In the 1970's I lived in San Francisco, and frequently attended both faculty and student recitals at the Conservatory. Last summer I was in the Bay Area and noted the Conservatory had acquired a new home. I was also searching for retailers of classical CD's with stocks of unusual recorded works and located one only, Ameoba, which I found to be located in a still very depressing area of the city. I found the stock of the Borders store on Powell Street to be outrageously poor. The classical stock in that store was appalling, and I suggested to Borders, in writing, that they should exit the classical cd business immediately at the Powell location. You possibly are aware that the Borders store in Santa Rosa remains well stocked, and the San Rafael store fairly well stocked.

I do not wish to delay you further. I appreciate being made aware of your contributions to "examiner.com".

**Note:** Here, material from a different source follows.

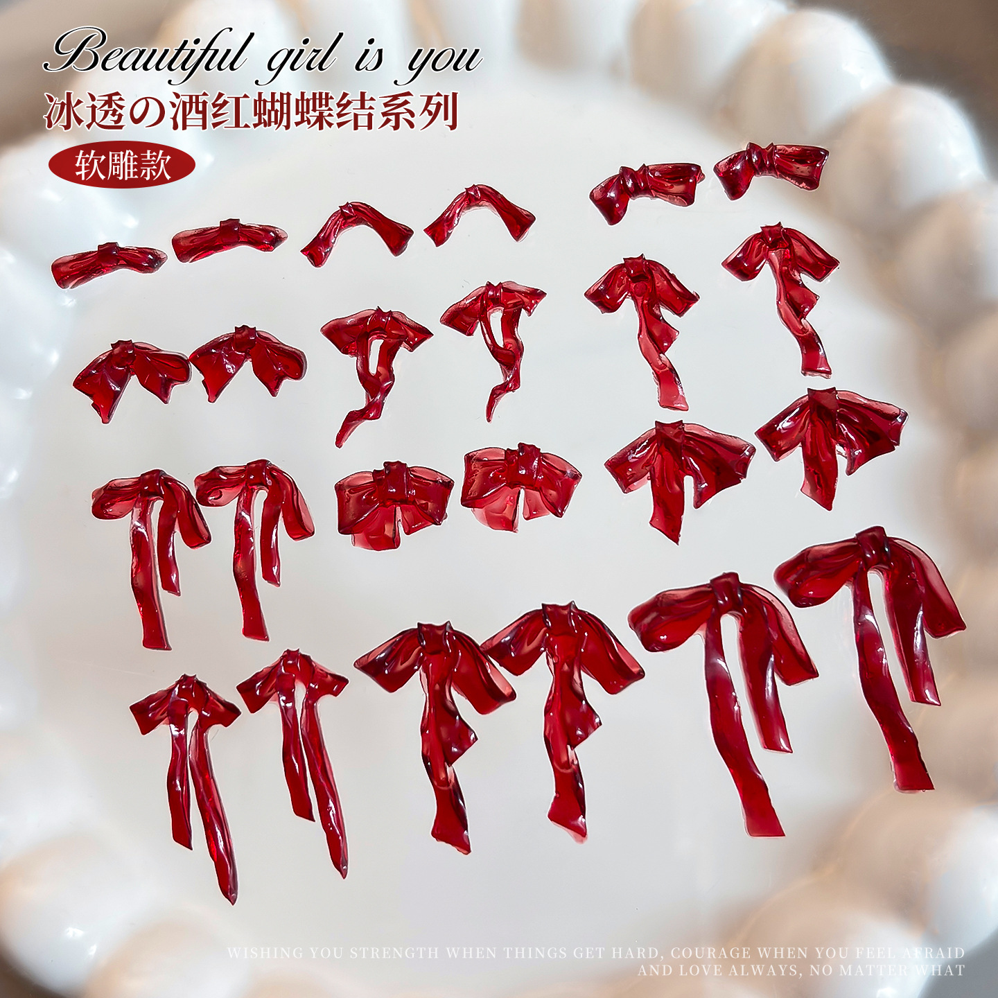 新年软雕酒红蝴蝶结美甲饰品网红爆款法式冰透飘带立体领结指甲钻
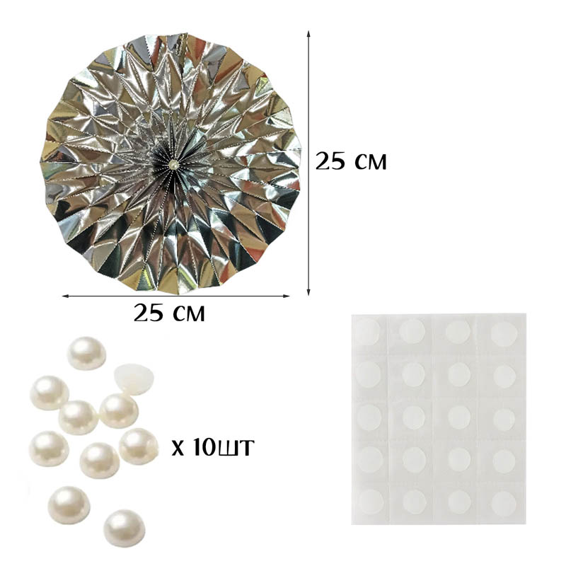 Фанты фольгированные с жемчужиной НАБОР 10шт х 25см, серебро

Respectfully, Irvine Shamrock.


----------



## david johnson (Jun 25, 2007)

sorry i'm late in my welcome to you, we've been amidst an ice storm.
it's a little better now.

hi!



dj


----------



## scottlf (Jan 7, 2009)

Hi Irvine -- thanks for the post. I agree with you that the downtown Borders (both Powell Street and the newer one in the Westfield Centre, over on Market where Emporium used to be) has a horrible selection, and it's also very poorly maintained. The downtown Virgin Megastore is better, but the stock is inconsistent; apparently they restock in big gulps rather than constantly. With the demise of Tower Records -- I really miss the big Classical Annex at Columbus & Bay -- we really don't have a good CD store. Amoeba remains the best bet but it's a lousy part of town and one has to deal with an awfully spikey feel in the place, esp. now that the classical section isn't in a separate room.

There is another Amoeba in Berkeley which has a separate classical section that feels like an island of sanity (even if the desk clerk typically likes aggressively avant-garde music). Rasputin's, also in Berkeley, has a smallish but decent selection in the basement.

There are also the two Streetlight Records locations (Castro and Noe Valley) both of which have extremely small classical areas, but the selection is pretty good given their very sharp limitations as to space and all.

Still, all in all, online is the way to go these days; between ArkivMusic, Amazon, the big European vendors like Crotchet, Presto, and mpc, Buywell in Australia, and the better download sites like ClassicsOnline, iTunes, and (recently) ArkivMusic, I'm visiting CD stores less and less, even for used stuff.

Incidentally, the new Conservatory building is stunning -- eight floors, three concert halls, lots of space. It isn't perfect (not enough practice rooms, but there never are) but the change from the sweet but cramped old place on Ortega and 19th is dramatic.


----------



## scottlf (Jan 7, 2009)

david johnson said:


> sorry i'm late in my welcome to you, we've been amidst an ice storm.
> it's a little better now.
> 
> hi!
> ...


I've been out here in California so long I've almost -- but not quite -- forgotten about ice storms and all that winter stuff. Here in San Francisco, it just gets kind of wet and windy. Then again it's often like that during the summer as well...


----------